Before you start troubleshooting, confirm whether you are running inside the dev container or directly on your local machine. Setup fixes differ: container problems usually point to Docker or forwarded settings, while local problems usually point to missing CLIs or environment variables.

flowchart TD
    START["Problem?"] --> TYPE{"What type?"}

    TYPE -->|"Agent won't start"| AGENT
    TYPE -->|"Skill not activating"| SKILL
    TYPE -->|"Deployment fails"| DEPLOY
    TYPE -->|"Bicep errors"| VALIDATE_B
    TYPE -->|"Terraform errors"| VALIDATE_T
    TYPE -->|"Azure auth"| AUTH

    AGENT --> AGENT1["Check: Ctrl+Shift+A<br/>shows agent list?"]
    AGENT1 -->|No| AGENT2["Reload VS Code window"]
    AGENT1 -->|Yes| AGENT3["Agent missing from list?<br/>Check .agent.md exists"]

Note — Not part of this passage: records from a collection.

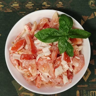 "Крабовий з помідорами"- незвично і дуже смачно! ▪︎Крабові палички -250гр. ▪︎Помідори -500гр. ▪︎Курячі яйця -5 шт. ▪︎Майонез -100гр.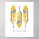 Um trio de penas estilizadas em tons terrosos de amarelo, dourado, cinza e creme, personalizado com o nome da sua criança ou qualquer texto de sua escolha.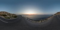 A winding road in Mallorca, Spain, leads to the top of a mountain. The Armco barrier and guard rail provide safety along the coastal landscape. The break of day reveals a sunny sky and a lighthouse in the distance.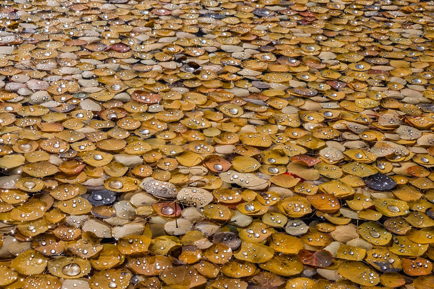 Aspen leaves after a storm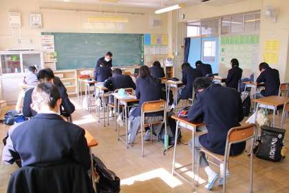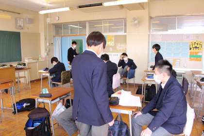 2つのクラスに分かれて、学年末考査に向けた問題を解いています。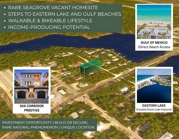 Build your custom coastal retreat on this homesite located on N Lake Drive in the Eastern Lake area of Santa Rosa Beach within Walton County. Positioned near the 30A corridor, this property offers a rare opportunity to own in a location known for its Natural Beauty, coastal dune lakes, and proximity to the Gulf of Mexico. This vacant lot is located between 33 N Lake Dr and 55 N Lake Dr, providing clear and convenient identification for showings and site visits. Enjoy access to Eastern Lake, one of the area's rare coastal dune lakes, along with nearby beach access points, scenic walking and biking paths, and the lifestyle that makes this area highly desirable. The property is surrounded by established homes, supporting new construction and long term value. This parcel consists of approximately 0.17 acres with about 50 feet of frontage and 150 feet of depth, providing a functional layout for a custom home design. No HOA. Public water available in the area. Sewer service present in the neighborhood. Located in Flood Zone X, which typically does Not require flood insurance. Zoned for site built single family residential use, supporting custom home construction in a coastal residential setting. Located just minutes from local dining, shopping, and outdoor recreation, including Grayton Beach State Park and Deer Lake State Park, along with nearby coastal communities along 30A. This property presents an opportunity to build a primary residence, second home, or secure land in one of South Walton's most recognized coastal areas.
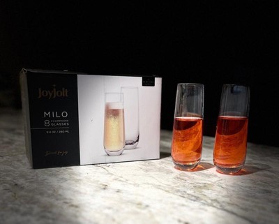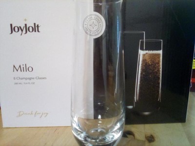 [This review was collected as part of a promotion.] I fell in love with the Milo champagne glass set! They are stemless and perfect for mimosas! I have been adding to my glassware set and I instantly knew I had to have these! They are a simple, but sleek glass set. They are dishwasher safe. And they store so easily! I highly recommend!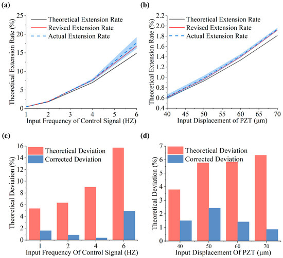 Indeed, the utilization of piezoelectric ceramics as actuators in this study introduces the possibility of thermal effects, environmental factors, and hysteresis characteristics influencing the precision of piezoelectric ceramics’ motion. However, the impact of these discrepancies is relatively minimal, making them challenging to quantify, non-linear, and difficult to circumvent. Consequently, the introduction of the correction coefficient into the calculation model represents a direct and accurate method. By aggregating the potential error into a single correction coefficient, the resulting error coefficient can be utilized to reverse-compensate for the manufacturing errors introduced during the production process. Subsequently, the discrepancy between the theoretical and modified model predictions and the actual lengthening was calculated and analyzed, as shown in Figure 8a,b. The analysis reveals a strong alignment between the actual elongation rates and corrected model predictions. This consistency is observed across varying frequencies and input amplitudes, and the correction falls within the error band for the actual value in all groups, separating it from the theoretical value. To illustrate this, deviations between theoretical, corrected, and actual values were calculated. Figure 8c,d depict the error distribution for the amplitude- and frequency-change groups. Initially, the error distribution for the frequency-change group ranged from 5.34% to 15.73%, while that of the amplitude-change group ranged from 3.79% to 6.33%. After introducing error correction, the model’s computational error was reduced by over 57.86%. The error for the frequency-change group decreased to 0.37–4.90%, while that of the amplitude-change group dropped to 0.85–2.43%. The deviation-corrected results indicate a significant reduction in the discrepancy between the corrected and actual values, with an amplitude decrease ranging from 2.29% to 10.83%. These findings strongly support the accuracy of the theoretical prediction model proposed in this paper and emphasize the necessity of incorporating error correction factors.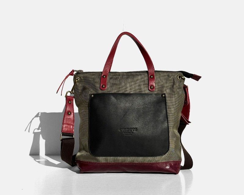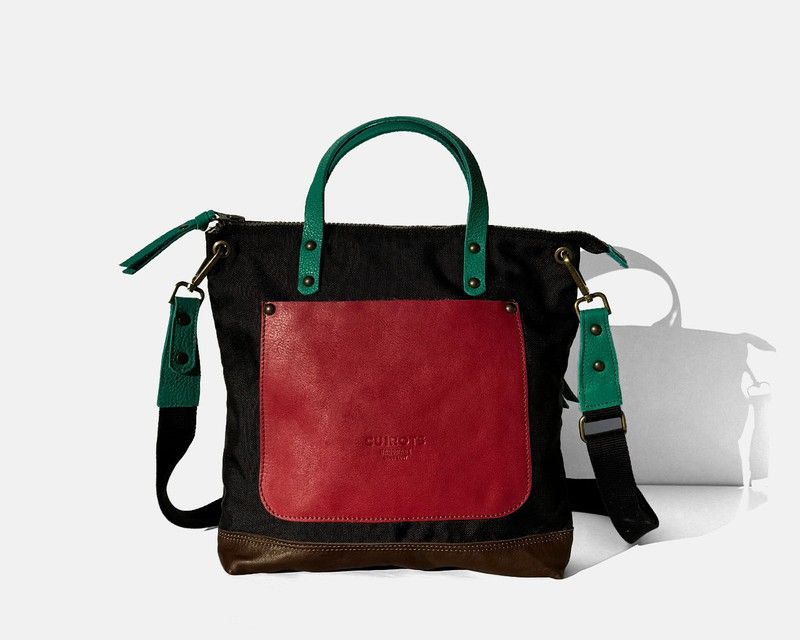 - Burdeos - Base cordura negra, bolsillo de piel rojo, base marrón y asa verde

    SKILL --> SKILL1["Using trigger keywords?"]
    SKILL1 -->|No| SKILL2["Add explicit keywords<br/>or reference skill by name"]
    SKILL1 -->|Yes| SKILL3["Check SKILL.md file<br/>for correct triggers"]

    DEPLOY --> DEPLOY1["Run preflight first:<br/>deploy agent preflight check"]

    VALIDATE_B --> VALIDATE_B1["Run: bicep build main.bicep<br/>bicep lint main.bicep"]
    VALIDATE_T --> VALIDATE_T1["Run: terraform validate<br/>terraform fmt -check"]

    AUTH --> AUTH1["az: az login\nazd: azd auth login --use-device-code"]

    style START fill:#e1f5fe
    style AGENT fill:#fff3e0
    style SKILL fill:#f3e5f5
    style DEPLOY fill:#c8e6c9
    style VALIDATE_B fill:#fce4ec
    style VALIDATE_T fill:#e8d5f5
    style AUTH fill:#fff9c4

Symptom: Ctrl+Shift+A doesn’t show expected agent.

Causes:

  • Agent file not in .github/agents/ folder
  • YAML front matter syntax error
  • VS Code extension not loaded

Solutions:

Terminal window
# Check agent files exist
ls -la .github/agents/*.agent.md
# Validate YAML front matter
head -20 .github/agents/requirements.agent.md

Reload VS Code: Ctrl+Shift+P → “Developer: Reload Window”

2. Orchestrator/Subagent Invocation Not Working (VS Code 1.109+)

Section titled “2. Orchestrator/Subagent Invocation Not Working (VS Code 1.109+)”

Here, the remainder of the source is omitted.